Going after what you want in life with Laila Ali

Going after what you want in life with Laila Ali

By Clayton Gutzmore

March is Women’s History Month. Throughout South Florida, events have been put together to celebrate womanhood. Broward College decided to conclude their celebration of Women’s History Month by hosting four time boxing champion and daughter of Muhammad Ali, Laila Ali, for the Broward College Speaker Series. “I love giving speeches; it is something that comes natural to me. I am honored that Broward College invited me to be a part of their series that they have been doing for six years,” said Laila Ali.

Ali’s speaking engagement was on March 27th at the Broward Center of Performing Arts in Fort Lauderdale. Each year, Broward College gathered about four individuals with different ideas and opinions to share with the community, “We wanted to bring the community together to hear different ideas that may challenge us and stimulate new ideas. We try to bring in people who may be on the other side of the political spectrum to make us think of other sides of issues,” said David Armstrong, President of Broward College.

This year, the series has brought Fox News Political Anchor Bret Baier and New York Times Columnist, Thomas Friedman. Previous years, the speaker series has brought broadcast journalists Soledad O Brien, Former U.S. Representative J.C. Watts, and more.

According to Armstrong, Ali was able to share a story that people can relate to which is what Armstrong and the college look for with the speaker series. “She was inspirational to all the young people tonight. Hearing her story in an authentic way was relatable to the students and parents that heard it,” said Armstrong.

Earlier that day, Ali participated in a fireside chat at the Broward College South Campus in Pembroke Pines. The conversation started with what got her into boxing. Ali explained that her inspiration to box came from women’s boxing on television, “The moment I thought about boxing is when I saw women boxing on television for the first time. Something in me was sparked. A lot of people assume that my dad is Muhammad Ali and I wanted to be like my dad,” said Ali.

The conversation then switched to how was it to be a female athlete in a male dominated sport. “I had extra challenges especially being Muhammad Ali’s daughter. Training hard, taking the beatings, and not being respected for my work because I am a woman was what I dealt with,” said Ali. According to Ali, she had to block out a lot of negativity during her career. She had to remind herself constantly of who she was doing this for. “Because I love Boxing so much and I had a vision for myself, I never lost focus. I was doing this for no one else but myself,” said Ali. Laila Ali started her Boxing career in October 1999 at the age of 21. She earned the Super Middleweight Championship in the Women’s International Boxing Association in 2002.

In 2004, she earned the international Women’s Boxing Federation’s Light Heavy-weight title. Ali retired from boxing in February 2007 with a perfect record of 24-0.

Ali’s speech at the performing arts center was about going after what you want in life. Ali shared her pursuits that succeed and the ones that failed. This gave her a vulnerable feel that people connected with that night. “People would be surprised by some of the things that I have been through. They assume I grew up a certain way and had a silver spoon in my mouth which wasn’t the case,” said Ali. In her teenage years, Ali ran with the wrong crowd and shoplifted from stores. She was caught and was put in the juvenile detention system which shocked a few people since her father provided a privileged life. Ali also shared how her father tried to talk her out of boxing at the beginning of her career. Her father was a big influence in her life. He showed her how to be kind to all people. Muhammad Ali’s advocacy made Laila Ali aware of how the world real is.
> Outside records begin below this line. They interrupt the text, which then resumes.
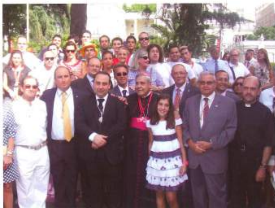
Las autoridades religiosas y civiles junto al Presidente de la Real Federación, el Hermano Mayor y numerosos cofrades, aquella calurosa jornada de agosto.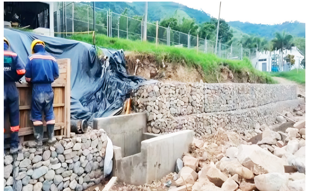
En términos de avance físico, la obra ha alcanzado un 47,70%, con una inversión de más de 17,871 millones de pesos.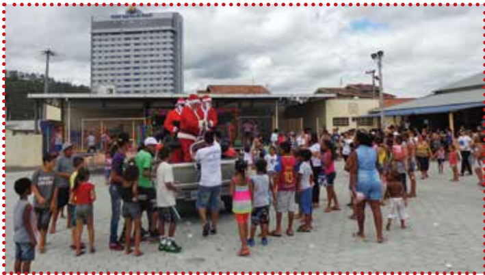
Festa das crianças - Paróquia Santo Afonso - Aparecida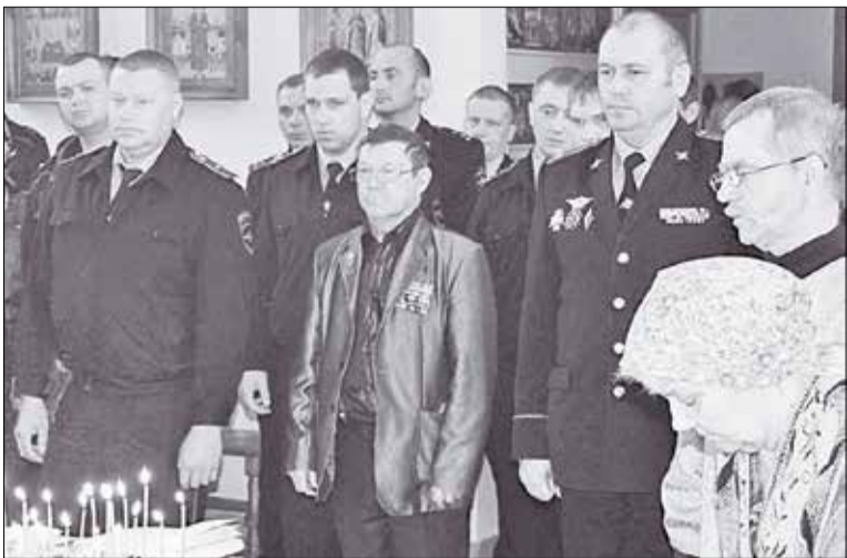
Голышмановские полицейские на панихиде в честь коллег, погибших при исполнении служебного долга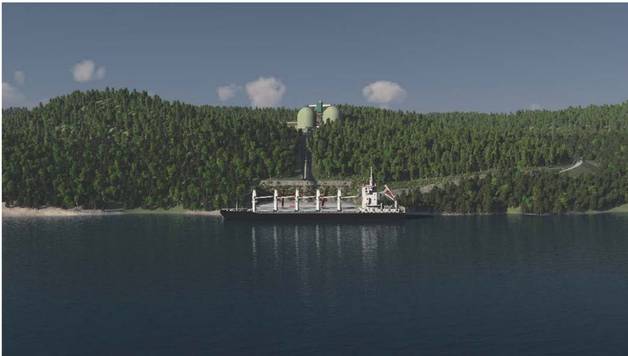
TERMINAL MARITIME PROJETÉ - Vue perpendiculaire @ 800m du terminal Janvier 2015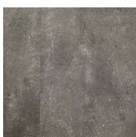
Milano 457x914x6 mm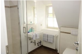
Das Bad mit Waschtisch, Dusche und Toilette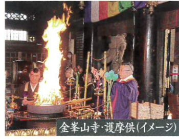
金峯山寺・護摩供(イメージ)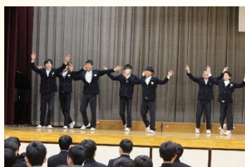
【感謝の気持ちを伝える卒業生を送る会】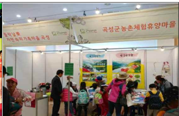
[박람회 참여 지원]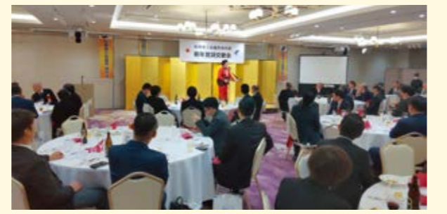
青年部では親睦を深める機会をご用意しています。(小石)

船橋商工会議所青年部の事業活性化のためにも是非多くの方々にご参加くださいますようお願い申し上げます。 (入会条件) 商工会議所会員又は、その後継者、事業責任者で満20才から50才までの方。 (会費) 年会費 3万6千円 ※但し、途中入会の方に関しては翌年3月までの月割りでの会費となります。 (問合せ先) 青年部事務局 小石 TEL 047-435-8211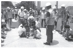
毛布による担架体験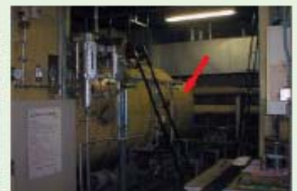
石棉含有保溫材（ボイラ外周部）

引用：「建築物の解体等に伴う有害物質等の適切な扱い」建設副産物リサイクル広報推進会議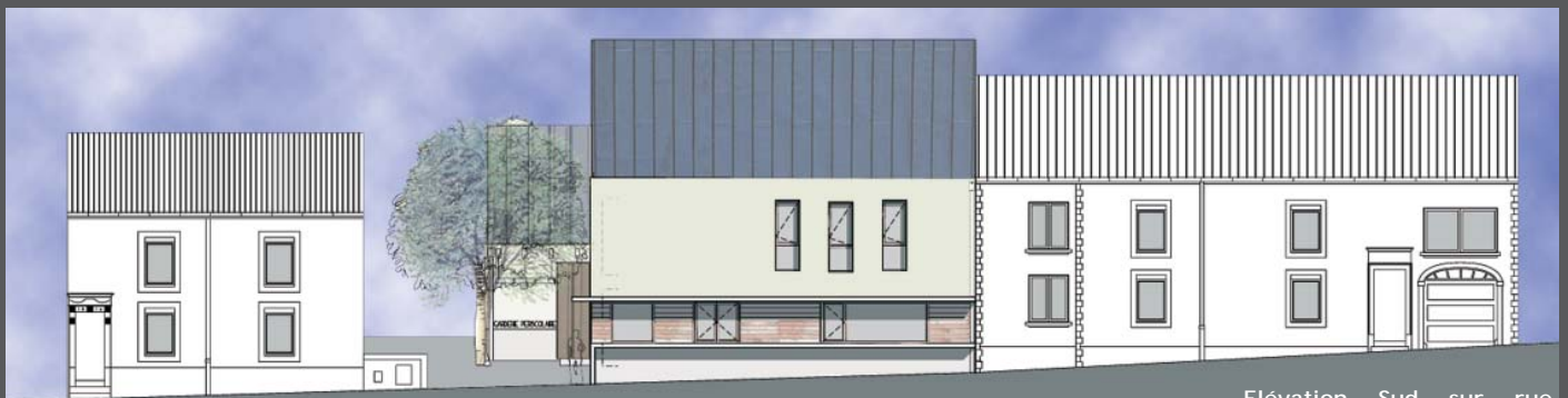
Élévation Sud sur rue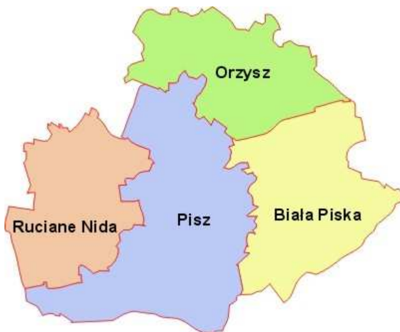
Rysunek nr 1: Powiat Piski w podziale na gminy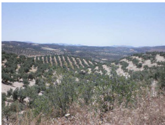
Foto - GR 249. Etapa 15 Variante 249.2 Cuevas de San Marcos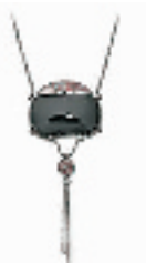
小竹钱包挂坠 编号:011223 代购价:1500元 尺寸:75 / 4.5 x 11.5 cm 国内参考价:2500元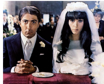
1972 ALFREDO, ALFREDO de Pietro Germi avec Dustin Hoffman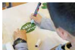
最後に、葉っぱに感謝の気持ちを 書きこんで...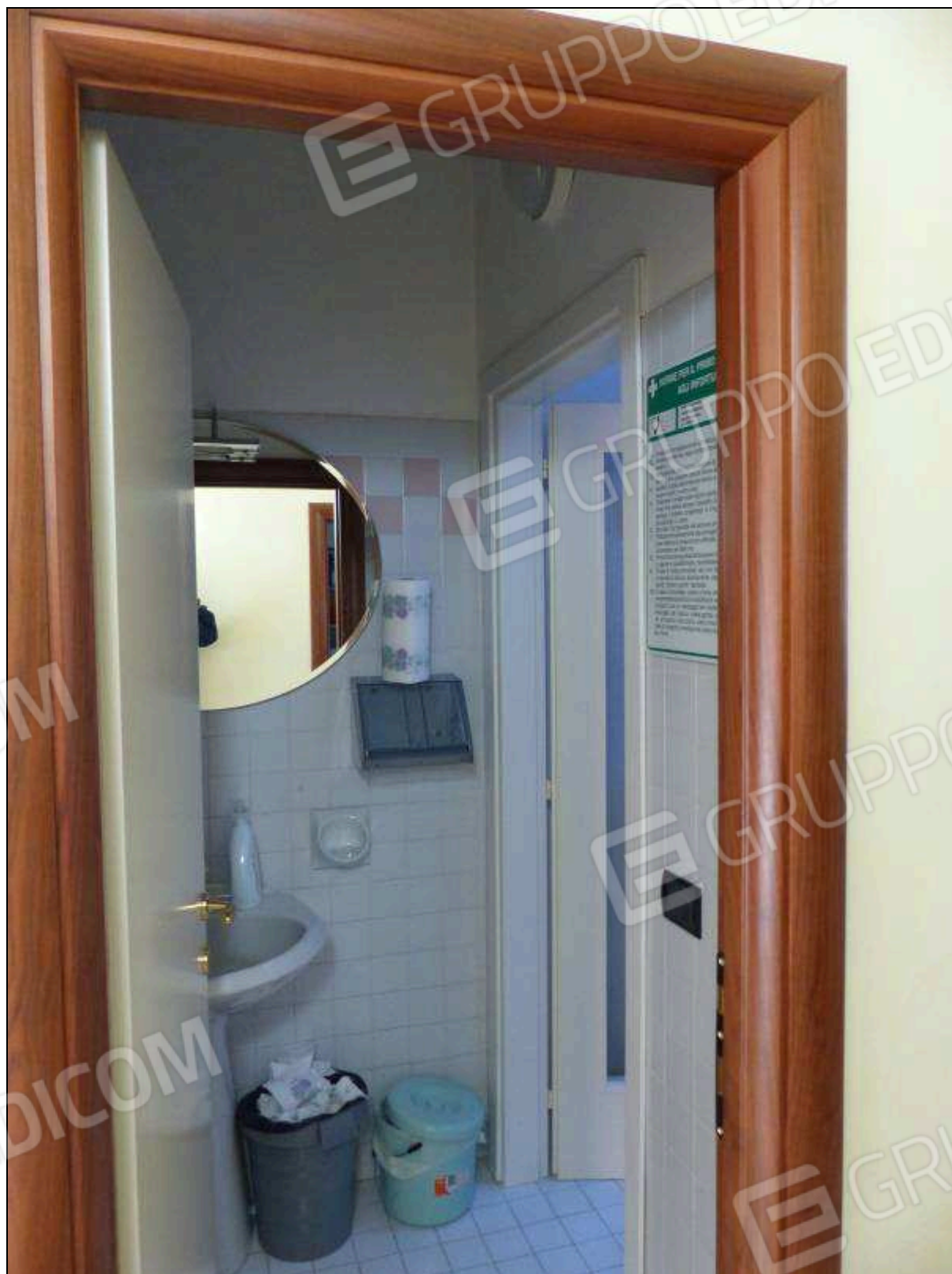
FOTO 20 – Piano secondo: anti bagno dell'unità immobiliare in oggetto.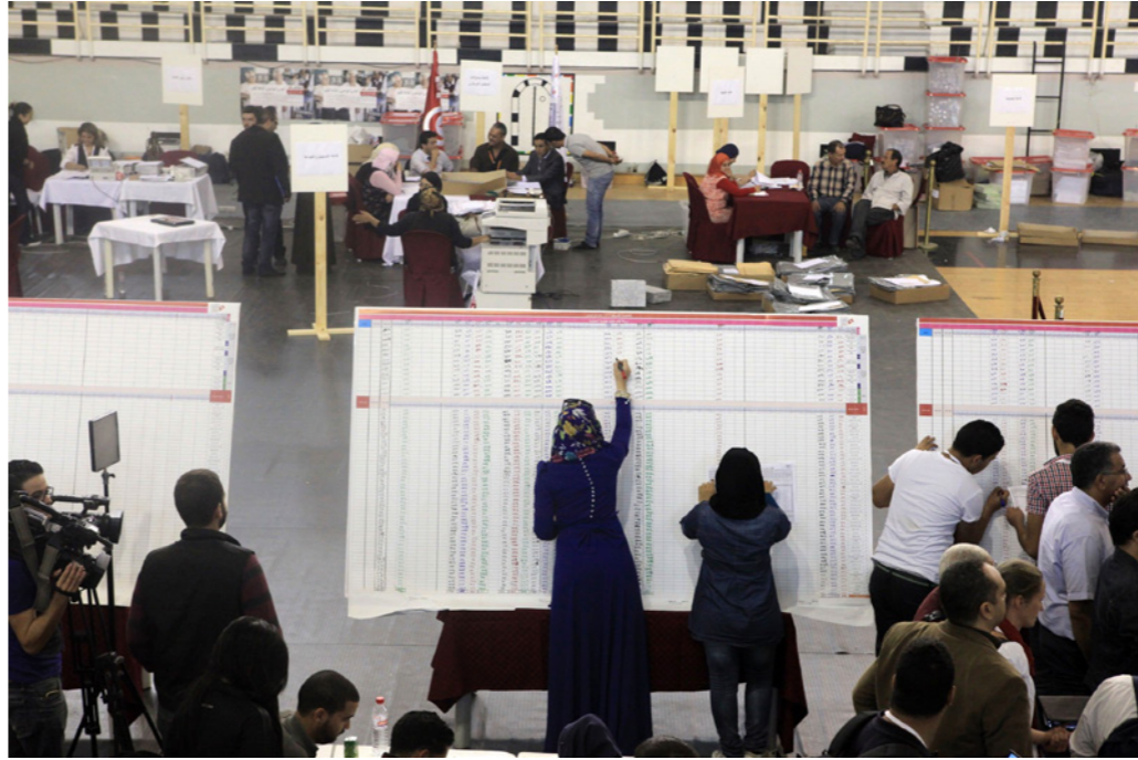
أحد مراكز فرز الأصوات الانتخابية في تونس

Muhammad Ali passed away on June 3, 2016, to Parkinson’s disease. She opened up about that in her speech. “Him not being here has not been easy but knowing that he had a progressive disease we were able to prepare for it. We love and miss him but we have comfort knowing that he is no longer suffering,” said Ali. The speech concluded with Ali explaining that we progress in life through the mistakes we make. “You just have to make the moves or otherwise you’re going to be standing still in life. I have met so many people that have held things back. I don’t want people to do that. I want them to go after the greatness that is inside of them,” said Ali.